§ HOW TO COMPLETE THIS TASK
Look for the line that has "3家企業進入榜單前10強,分" in the material below; please repeat it and every line after it, exactly, up to and including the line that has "Oplaadbaar en duurzaam: Gebruik", and nothing else.

§ MATERIAL PROVIDED
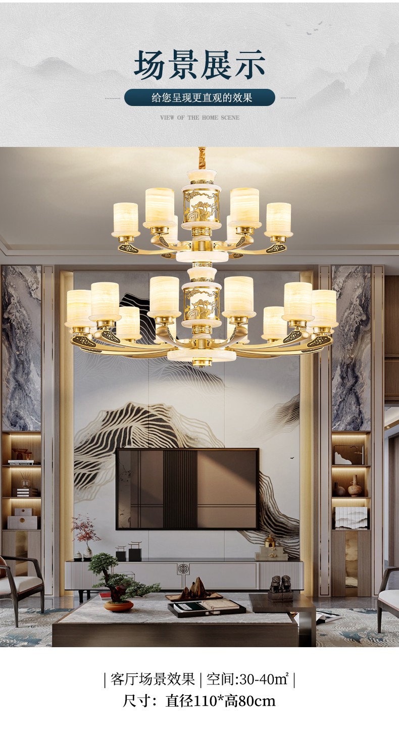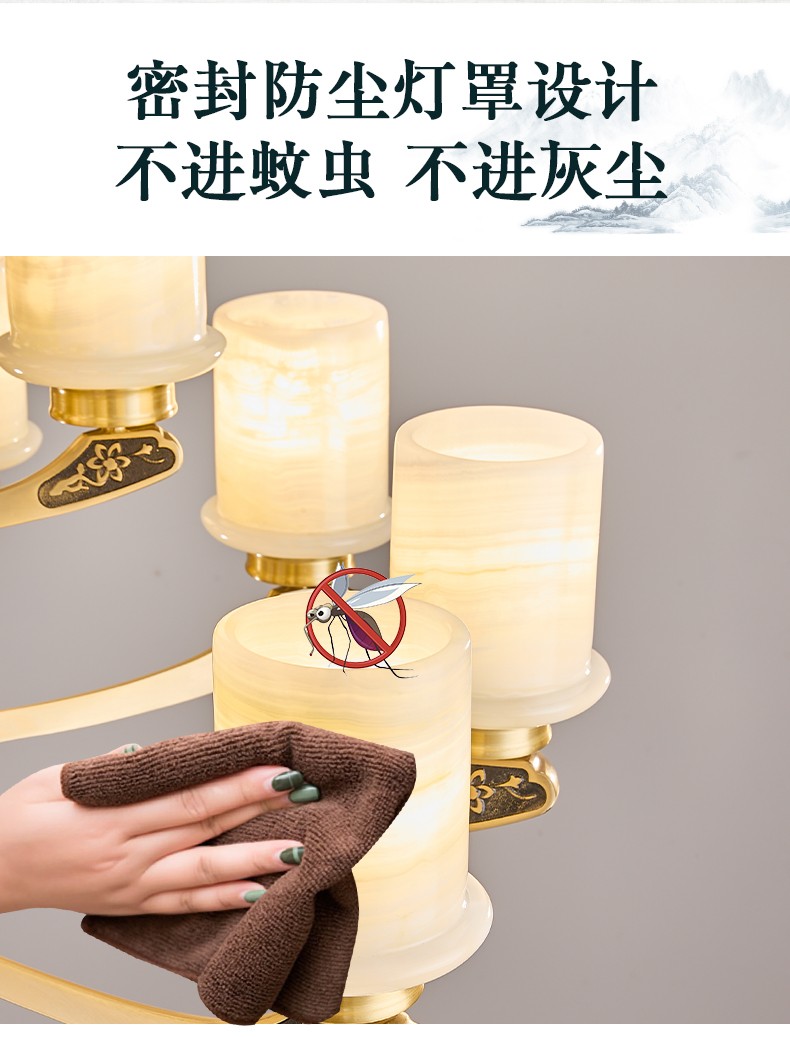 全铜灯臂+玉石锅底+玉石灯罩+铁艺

==

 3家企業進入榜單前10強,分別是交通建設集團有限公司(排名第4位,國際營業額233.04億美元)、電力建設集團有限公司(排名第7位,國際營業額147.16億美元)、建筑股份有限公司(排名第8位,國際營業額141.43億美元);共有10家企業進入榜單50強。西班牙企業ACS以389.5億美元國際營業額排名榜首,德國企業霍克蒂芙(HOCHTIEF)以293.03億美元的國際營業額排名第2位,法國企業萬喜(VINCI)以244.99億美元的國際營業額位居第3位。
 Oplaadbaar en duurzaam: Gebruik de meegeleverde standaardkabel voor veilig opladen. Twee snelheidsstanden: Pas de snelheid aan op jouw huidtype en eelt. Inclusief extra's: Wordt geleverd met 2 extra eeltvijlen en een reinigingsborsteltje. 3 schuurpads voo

§ RESPONSE TO THIS TASK
 3家企業進入榜單前10強,分別是交通建設集團有限公司(排名第4位,國際營業額233.04億美元)、電力建設集團有限公司(排名第7位,國際營業額147.16億美元)、建筑股份有限公司(排名第8位,國際營業額141.43億美元);共有10家企業進入榜單50強。西班牙企業ACS以389.5億美元國際營業額排名榜首,德國企業霍克蒂芙(HOCHTIEF)以293.03億美元的國際營業額排名第2位,法國企業萬喜(VINCI)以244.99億美元的國際營業額位居第3位。
 Oplaadbaar en duurzaam: Gebruik de meegeleverde standaardkabel voor veilig opladen. Twee snelheidsstanden: Pas de snelheid aan op jouw huidtype en eelt. Inclusief extra's: Wordt geleverd met 2 extra eeltvijlen en een reinigingsborsteltje. 3 schuurpads voo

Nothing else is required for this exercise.